SkillMatch: Evaluating Self-supervised Learning of Skill Relatedness

Jens-Joris Decorte,Jeroen Van Hautte,Thomas Demeester,Chris Develder
2024-10-07
Abstract:Accurately modeling the relationships between skills is a crucial part of human resources processes such as recruitment and employee development. Yet, no benchmarks exist to evaluate such methods directly. We construct and release SkillMatch, a benchmark for the task of skill relatedness, based on expert knowledge mining from millions of job ads. Additionally, we propose a scalable self-supervised learning technique to adapt a Sentence-BERT model based on skill co-occurrence in job ads. This new method greatly surpasses traditional models for skill relatedness as measured on SkillMatch. By releasing SkillMatch publicly, we aim to contribute a foundation for research towards increased accuracy and transparency of skill-based recommendation systems.
Computation and Language
What problem does this paper attempt to address?

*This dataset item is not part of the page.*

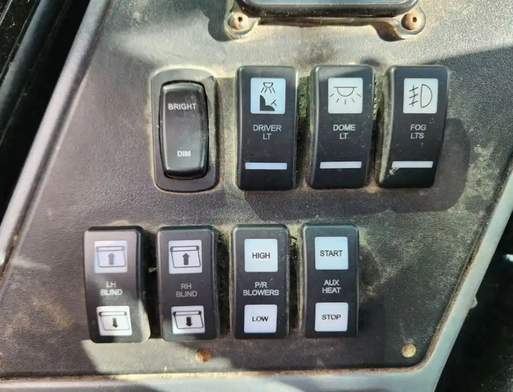 (Used) 2021 MCI D4505, MISCELLANEOUS DASH SWITCHES- Controls: 110V On, Chime, Start, Engine Over Ride, Bright-Dim, Driver LT, Dome LT, Fog Lts, LH Blind, RH Blind, P/R Blowers, Aux Heat, Material: Plastic,

The main goal of this paper is to address the issue of skill relevance modeling in Human Resources (HR) processes. Specifically, the authors propose a new benchmark dataset called SkillMatch for evaluating methods of skill relevance. Additionally, they introduce a self-supervised learning technique based on skill co-occurrence in job advertisements to improve the performance of the Sentence-BERT model on skill relevance tasks. The key contributions of the paper include: 1. **Construction of the SkillMatch dataset**: By mining expert knowledge from millions of job advertisements, a benchmark dataset of skill relevance containing positive and negative sample pairs was created. This dataset aims to provide a standard for directly evaluating the performance of skill relevance methods. 2. **Proposing a new self-supervised learning method**: A self-supervised learning technique based on skill co-occurrence was developed to adapt the Sentence-BERT model. This method leverages the co-occurrence patterns of skills in job advertisements to better capture the relationships between skills. 3. **Experimental validation**: By comparing the performance of various models (such as Word2Vec, fastText, and Sentence-BERT) on the SkillMatch dataset, the newly proposed self-supervised learning method was shown to have significant advantages in skill relevance tasks. By releasing the SkillMatch dataset, the authors hope to provide a foundation for future research to improve the accuracy and transparency of skill-based recommendation systems.